Cloud computing has been advancing in recent years as a powerful and flexible business computing platform for companies of all sizes, and it is increasingly becoming a platform for the database as well. Companies are seeking to leverage the flexibility of the cloud for their database using resources such as the Top 10 Cloud Hosting report. Databases can experience dramatic load expansions and contractions in very short time periods, making the cloud a logical resource. What’s important to consider from the buyer’s perspective is whether the database has been optimized for a cloud infrastructure or merely an on-premise database sitting in the cloud.
So what is the difference between a database that sits in the cloud versus a cloud database? It is simple: If your database can’t scale horizontally, in a dynamic fashion, you have a database that is sitting in the cloud, not a cloud database. The ability to add additional compute resources (including servers) as the demand on the database increases and to subsequently release those resources when the demand diminishes is what makes a database a cloud database.

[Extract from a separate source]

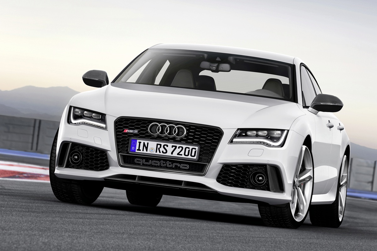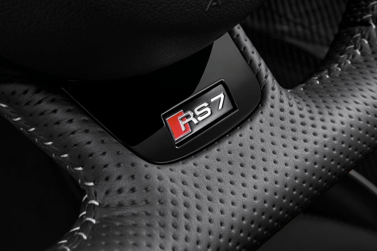 Detroitban bemutatkozott az Audi ötajtós szuperkupéja, az RS7. Tízféle külső fényezéssel kínálják, köztük a vadonatúj Nardo szürke és Daytona mattszürke színekben, melyeket matt alumínium és karbonszínű díszbetéteket tartalmazó csomagokkal lehet még egyedibbé varázsolni, megrendelésük esetén kerül az első légbeömlő nyílás aljára a képeken is látható quattro-felirat. A karbon csomag erőteljesebben formált diffúzort és első légterelőt is tartalmaz, a külső visszapillantó tükrök és a teljes egészében LED-es fényszórók is szénszálas műanyagot mintázó felülettel érkeznek.

So what does this mean for relational databases? Relational databases are the most commonly used data store for Web and IT applications. In fact, all relevant data indicates their usage is on the rise. The decades of R&D that have gone into relational database technology have centered on the ability to scale vertically and not scale horizontally. Many argue that relational databases are not a match for the cloud because they are built on a model where the entire database resides on a single host. This would suggest that as more enterprises pursue cloud computing, the use of relational databases would shrink. That’s not been the case.
We are now seeing a new class of databases that are part of a database revolution around cloud computing. Specific examples include NoSQL solutions such as MongoDB and Hadoop. These databases are built from the ground up to scale horizontally. They are a complete departure from the relational model. There is certainly room for NoSQL solutions where data ingestion and storage volumes are extremely large. However, in addition to this database revolution that is NoSQL, there is a database evolution also taking place. Traditional relational database are adding features that enable them to scale horizontally in dynamic fashion. As is often the case in the technology industry, I believe that the evolutionary approach will be more prevalent than the revolutionary approach. More specifically, we are going to see far more evolved relational databases deployed in the cloud than NoSQL solutions.
Let’s look at the top benefits you should be realizing from a relational database that is truly optimized for a cloud infrastructure:
With a cloud database optimized to take advantage automatically of the additional resources when needed, companies can ride out dramatic fluctuations in processing demand without a drop in quality of service or an emergency for the database administrator. Further, companies don’t have to maintain expensive hardware full-time just to accommodate periodic spikes in traffic.
Cloud database pricing runs the gamut: from free versions to pay-as-go to monthly subscriptions. IT budgets these days are tight and need to take costs into account. The traditional database licensing model, which most large database vendors use, prohibits users from fully taking advantage of running a database in the cloud.
A large upfront licensing fee coupled with a hefty annual maintenance fee and periodic audits does not fit well with the cloud paradigm. Cloud computing brings the promise of a pay as you go and pay for what you use model. Many database licensing models do not allow for this. Hence, their business terms makes them cloud unfriendly.
The cloud is supposed to make things easier, and help more individuals in the enterprise take control of their applications. Tasks like starting up a new database cluster and configuring it for load balancing used to be the domain of the database administrator (DBA).
Cloud databases can feature tools that make setting up and managing the databases easier for a wider range of individuals within an organization. As a result, organizations do not need to spend as much time fine-tuning their database and can focus on other matters.
For most database vendors, the cloud has only meant a new delivery channel for the standard on-premise version of their products. That poses significant challenges and risks for end users trying to take advantage of cloud computing – many are unable to benefit from the real utility of the cloud because of limitations of the underlying database. But when built and optimized for a cloud deployment, a cloud database provides on-demand scalability and elasticity. In addition, a cloud database will limit users cost to what they actually use.
Postgres Plus Cloud Database for example, an enterprise-class database can be used to handle large workloads, has been optimized to take advantage what the cloud promises. It provides on-demand horizontal scaling, easy provisioning and is optimized take advantage of each unique cloud environment it is deployed in. An example of such an optimization is using Amazon’s snapshotting technology for lighting fast backups when deployed in the Amazon Web Services environment. When considering a cloud database, look for a solution that delivers the benefits of the cloud, not just a database in the cloud.